The update, issued Wednesday, came a day before the state auditor's office announced that the first of five audits into the fraud and other pandemic-related issues at ESD will be released Friday morning.

On Wednesday, the ESD revised the number of "known, suspected or probable" fraudulent claims from this spring's fraud to 122,000, a 41% jump from the agency's estimate in August.

The ESD also revised the total stolen in the fraud to $600 million, up 4% from $576 million. The agency also reported that the amount recovered had risen to $357 million, from $340 million in August, for a net loss of $243 million.

ESD spokesperson Nick Demerice said the large upward revision in number of claims reflected more suspected claims being confirmed as fraudulent. Investigators initially flagged a large number of claims as suspicious, but then had to "do the due diligence on each and every single one of them to determine was it truly fraud," Demerice said.

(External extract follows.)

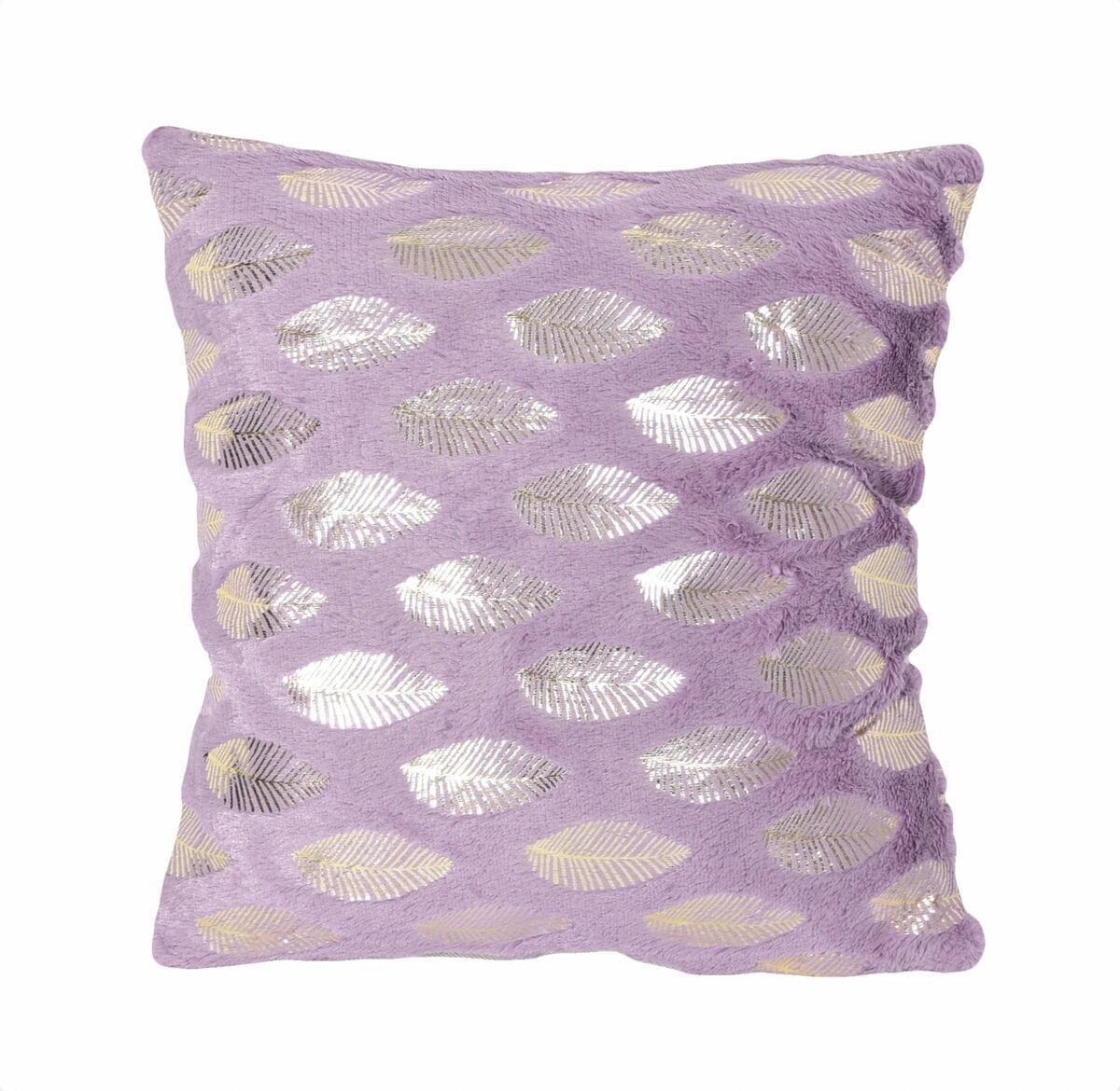 Návlek na polštář, Plyšový s lístečky, tmavě růžový, 40 x 40 cm

Demerice wasn't sure why the percentage change in the number of fraudulent claims was so much higher than for the fraud's total dollar amount but was checking with the agency's data specialists for further details.

Separately, the ESD reported Thursday that the pandemic had pushed the state's unemployment trust fund to $1.96 billion as of Nov. 30, down from around $4.7 billion prior to the pandemic.



State officials earlier had indicated that the declining trust fund would lead to sharply higher taxes on employers. In 2021 alone, taxes were projected to jump 82.5% to an average rate of 1.88% of taxable wages.

But on Thursday, Gov. Jay Inslee announced a plan under his proposed 2021-23 budget that would lower those projected tax increases. In 2021, for example, the governor's plan would cut the proposed average tax rate by 38% to 1.17%, the ESD reported.